Komisja Europejska zdecydowanie odcięła się od wczorajszych wypowiedzi premiera Włoch Silvio Berlusconiego na temat sytuacji w Czeczenii i koncernu naftowego Jukos.
Szef rządu Włoch, które przewodzą w tym półroczu Unii, wystąpił wczoraj na szczycie UE - Rosja jako obrońca prezydenta Rosji. Na wspólnej konferencji prasowej z Władimirem Putinem włoski premier oskarżył media o "wymyślanie bajek" o sytuacji w Czeczenii.
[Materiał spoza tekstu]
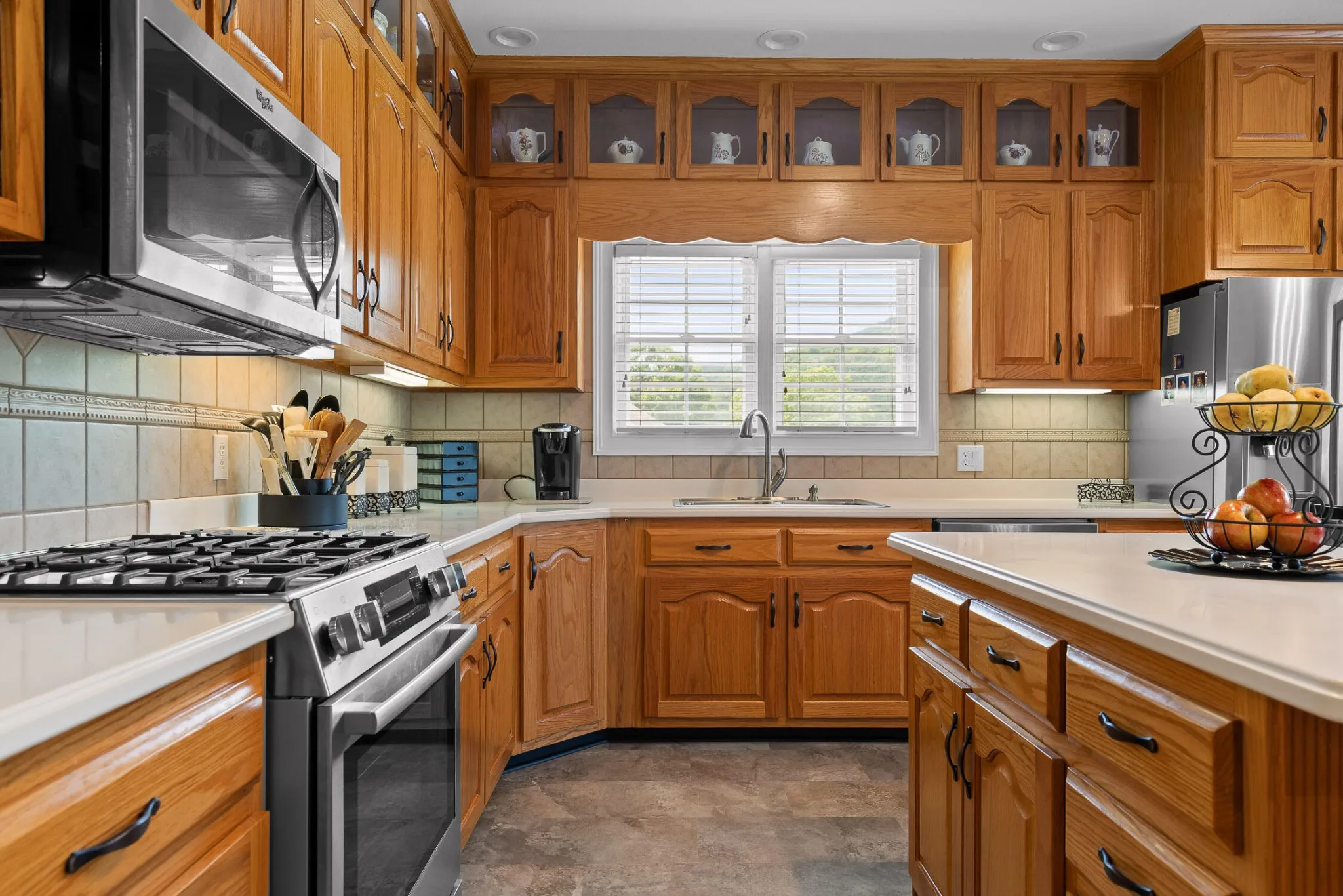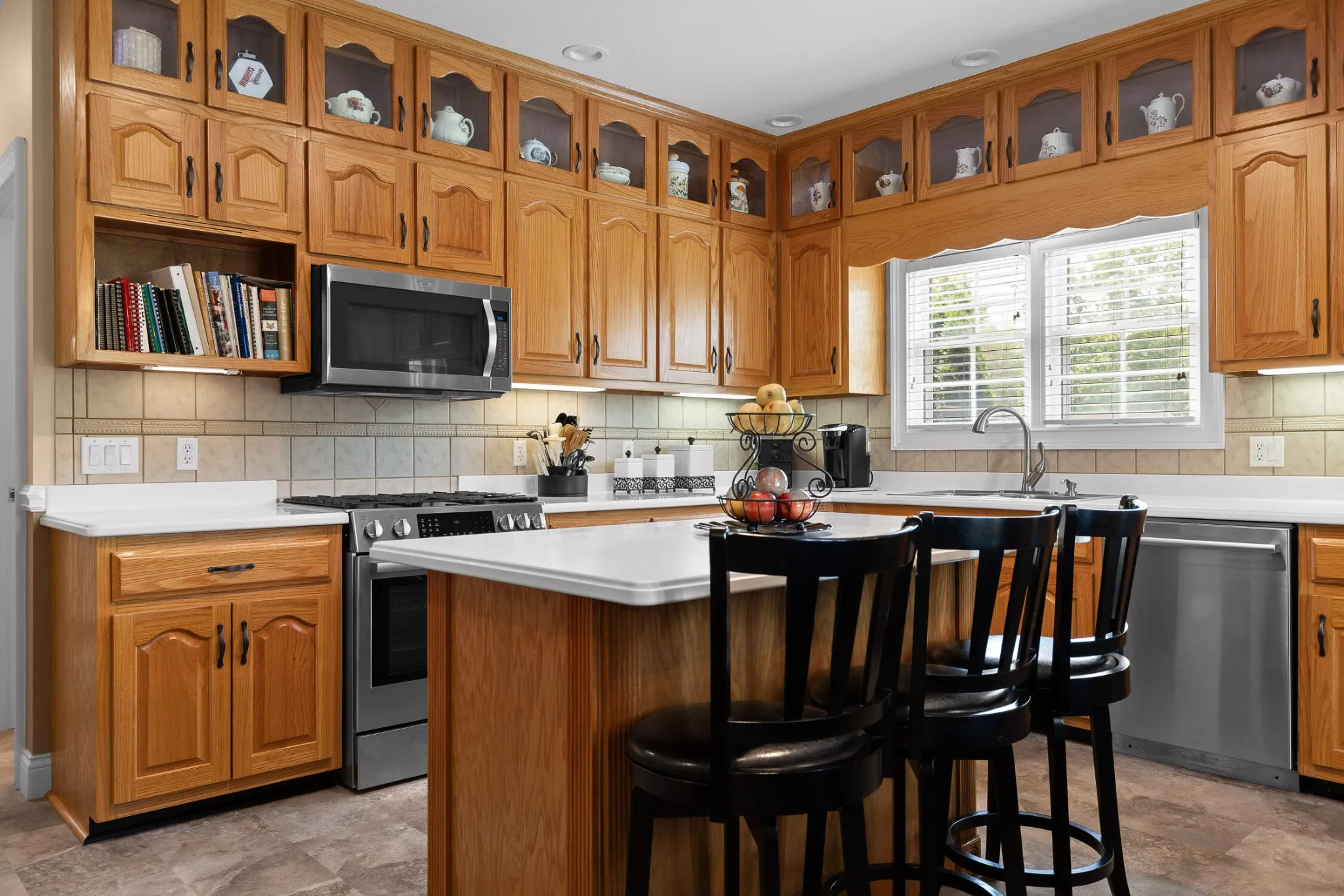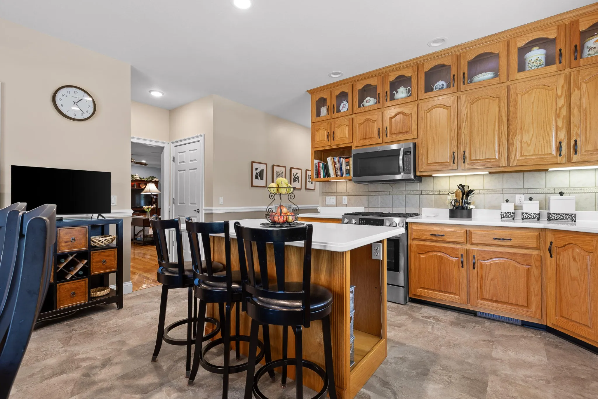 Inside, high-end finishes greet you at every turn, including solid first-grade white oak hardwoods, premium flooring, recessed lighting, and programmable thermostat zones. The large eat-in kitchen features custom white oak cabinetry, an island bar, chair rail trim, and upgraded appliances including a Bosch dual fuel range and stainless steel Bosch dishwasher.\r\n

Zbył też pytania dotyczące aresztowania szefa Jukosu, Michaiła Chodorkowskiego. Berlusconi powiedział jedynie, że media przedstawiły sprawę koncernu Jukos niezgodnie z prawdą i zapewnił, że ma na ten temat "wiarygodne informacje pochodzące ze źródeł włoskich".
W oficjalnym komunikacie Komisja Europejska stwierdziła, że Berlusconi przedstawiał wyłącznie prywatne poglądy. KE oświadczyła też, że sprawa Jukosu budzi niepokój o bezpieczeństwo inwestycji zagranicznych w Rosji.